Dataset extract ▸
+ + +

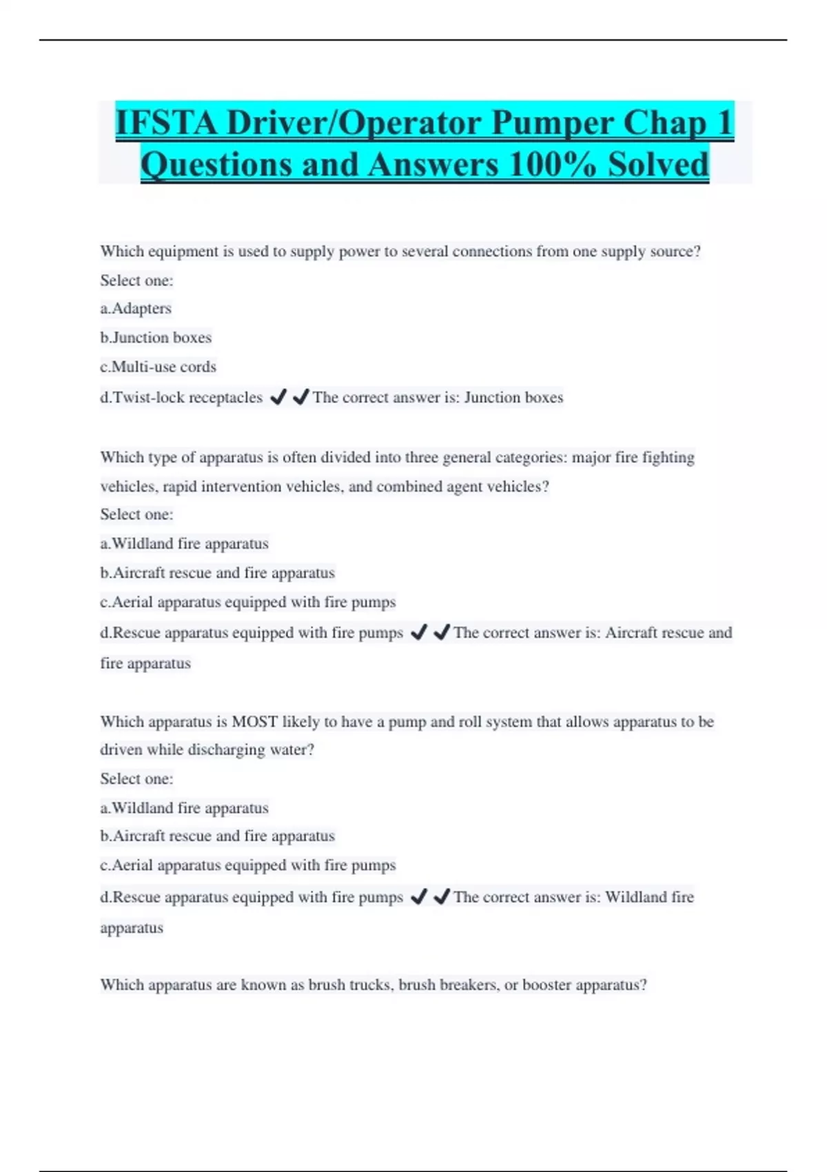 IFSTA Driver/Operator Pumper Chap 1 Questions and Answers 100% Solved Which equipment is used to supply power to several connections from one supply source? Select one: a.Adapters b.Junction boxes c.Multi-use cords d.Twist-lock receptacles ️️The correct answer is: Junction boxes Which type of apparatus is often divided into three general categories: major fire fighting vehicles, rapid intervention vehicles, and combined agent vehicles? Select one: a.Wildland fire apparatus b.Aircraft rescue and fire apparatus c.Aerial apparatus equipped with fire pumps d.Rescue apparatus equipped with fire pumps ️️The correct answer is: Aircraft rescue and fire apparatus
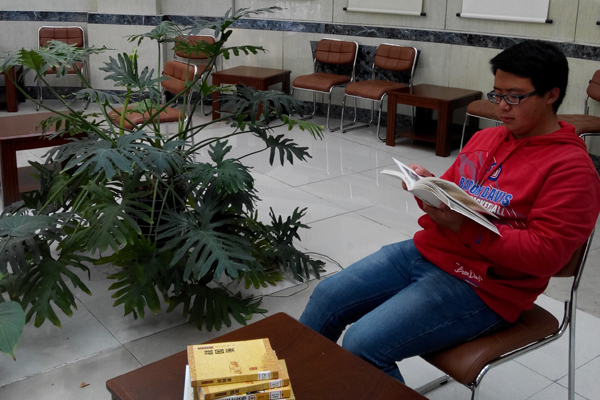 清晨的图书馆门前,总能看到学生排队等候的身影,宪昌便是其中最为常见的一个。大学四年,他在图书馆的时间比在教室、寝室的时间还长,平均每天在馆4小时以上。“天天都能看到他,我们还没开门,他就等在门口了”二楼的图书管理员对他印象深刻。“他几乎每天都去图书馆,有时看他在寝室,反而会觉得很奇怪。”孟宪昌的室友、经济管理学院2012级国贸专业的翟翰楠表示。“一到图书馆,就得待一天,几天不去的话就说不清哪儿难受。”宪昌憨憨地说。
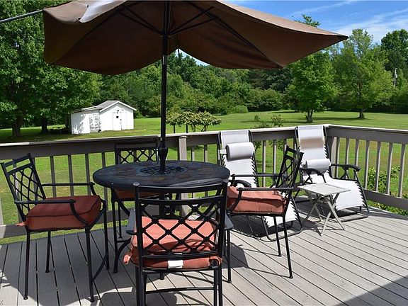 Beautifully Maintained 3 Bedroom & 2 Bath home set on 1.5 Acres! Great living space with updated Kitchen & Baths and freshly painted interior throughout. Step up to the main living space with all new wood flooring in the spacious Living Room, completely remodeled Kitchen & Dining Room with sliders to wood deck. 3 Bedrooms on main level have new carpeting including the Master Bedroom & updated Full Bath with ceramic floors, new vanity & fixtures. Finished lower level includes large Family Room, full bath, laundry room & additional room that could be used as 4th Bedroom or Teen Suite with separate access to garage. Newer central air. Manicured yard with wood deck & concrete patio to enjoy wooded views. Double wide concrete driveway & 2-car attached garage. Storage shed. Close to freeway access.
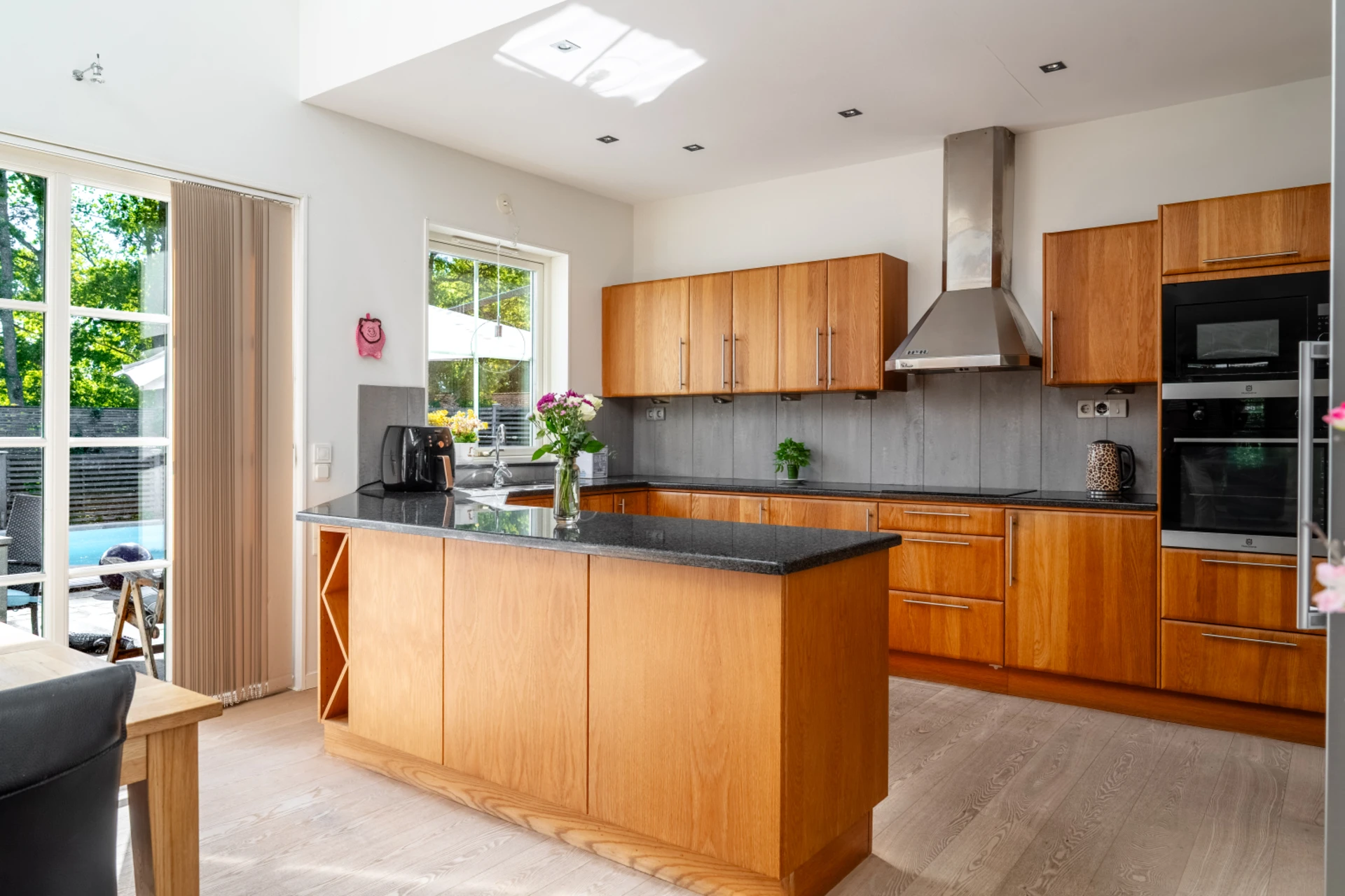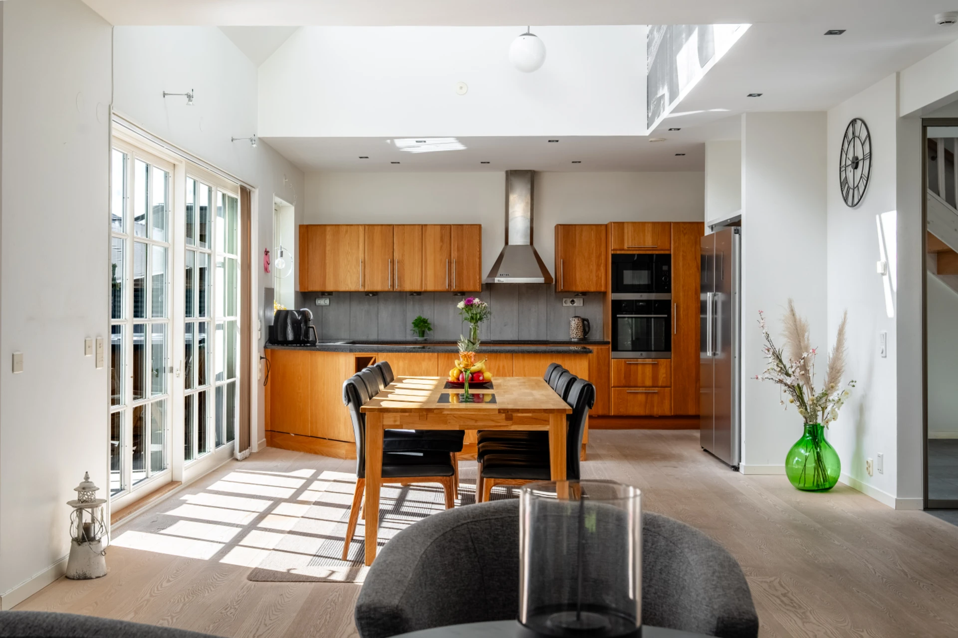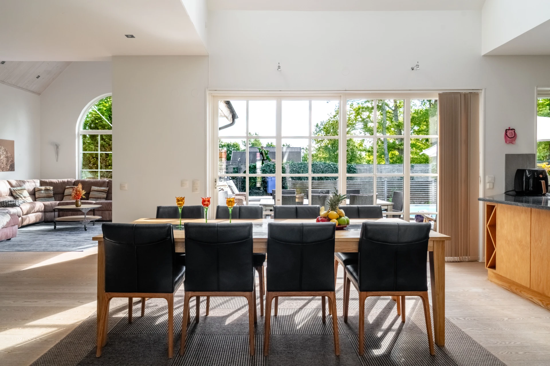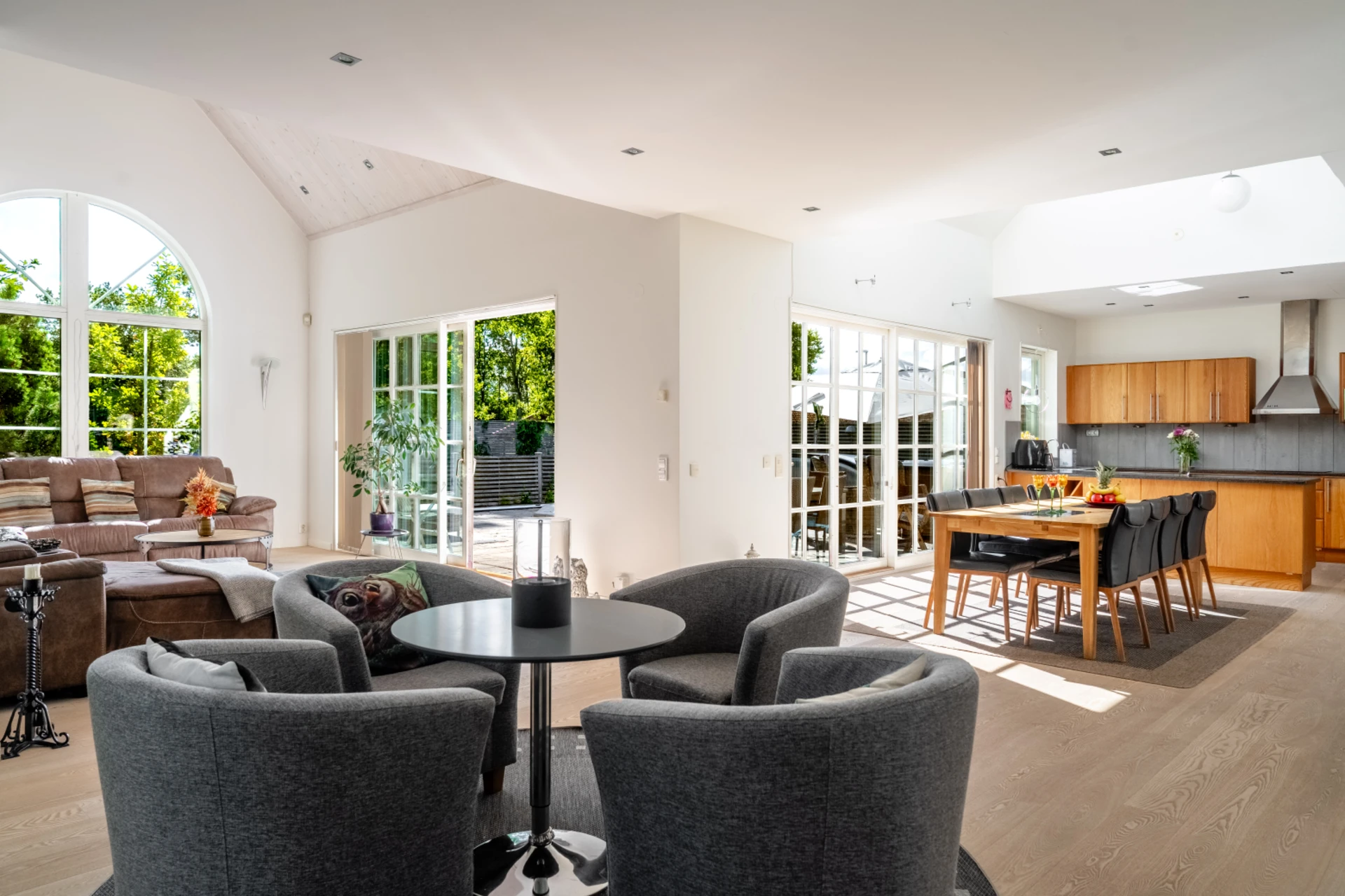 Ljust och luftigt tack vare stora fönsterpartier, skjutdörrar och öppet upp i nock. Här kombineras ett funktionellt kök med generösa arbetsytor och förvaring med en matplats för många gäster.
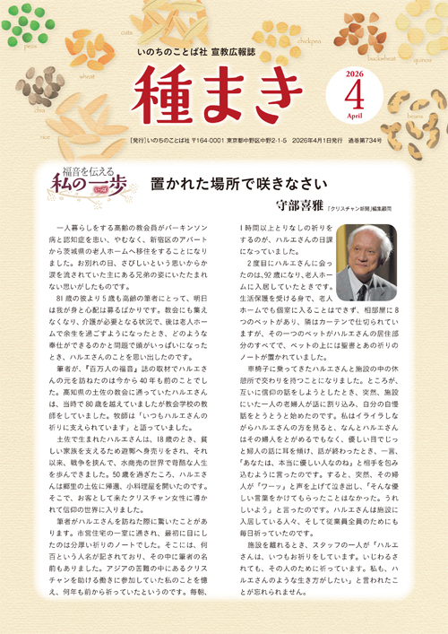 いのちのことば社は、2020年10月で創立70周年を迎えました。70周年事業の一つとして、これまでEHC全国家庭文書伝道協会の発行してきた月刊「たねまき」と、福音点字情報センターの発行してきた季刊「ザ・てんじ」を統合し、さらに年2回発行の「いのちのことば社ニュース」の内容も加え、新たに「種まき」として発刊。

+ + +

How to complete this task ▸ Copy exactly what appears in the entries, beginning with the first line and ending with the line that has "清晨的图书馆门前,总能看到学", but not the pictures.

Finished task ▸
 IFSTA Driver/Operator Pumper Chap 1 Questions and Answers 100% Solved Which equipment is used to supply power to several connections from one supply source? Select one: a.Adapters b.Junction boxes c.Multi-use cords d.Twist-lock receptacles ️️The correct answer is: Junction boxes Which type of apparatus is often divided into three general categories: major fire fighting vehicles, rapid intervention vehicles, and combined agent vehicles? Select one: a.Wildland fire apparatus b.Aircraft rescue and fire apparatus c.Aerial apparatus equipped with fire pumps d.Rescue apparatus equipped with fire pumps ️️The correct answer is: Aircraft rescue and fire apparatus
 清晨的图书馆门前,总能看到学生排队等候的身影,宪昌便是其中最为常见的一个。大学四年,他在图书馆的时间比在教室、寝室的时间还长,平均每天在馆4小时以上。“天天都能看到他,我们还没开门,他就等在门口了”二楼的图书管理员对他印象深刻。“他几乎每天都去图书馆,有时看他在寝室,反而会觉得很奇怪。”孟宪昌的室友、经济管理学院2012级国贸专业的翟翰楠表示。“一到图书馆,就得待一天,几天不去的话就说不清哪儿难受。”宪昌憨憨地说。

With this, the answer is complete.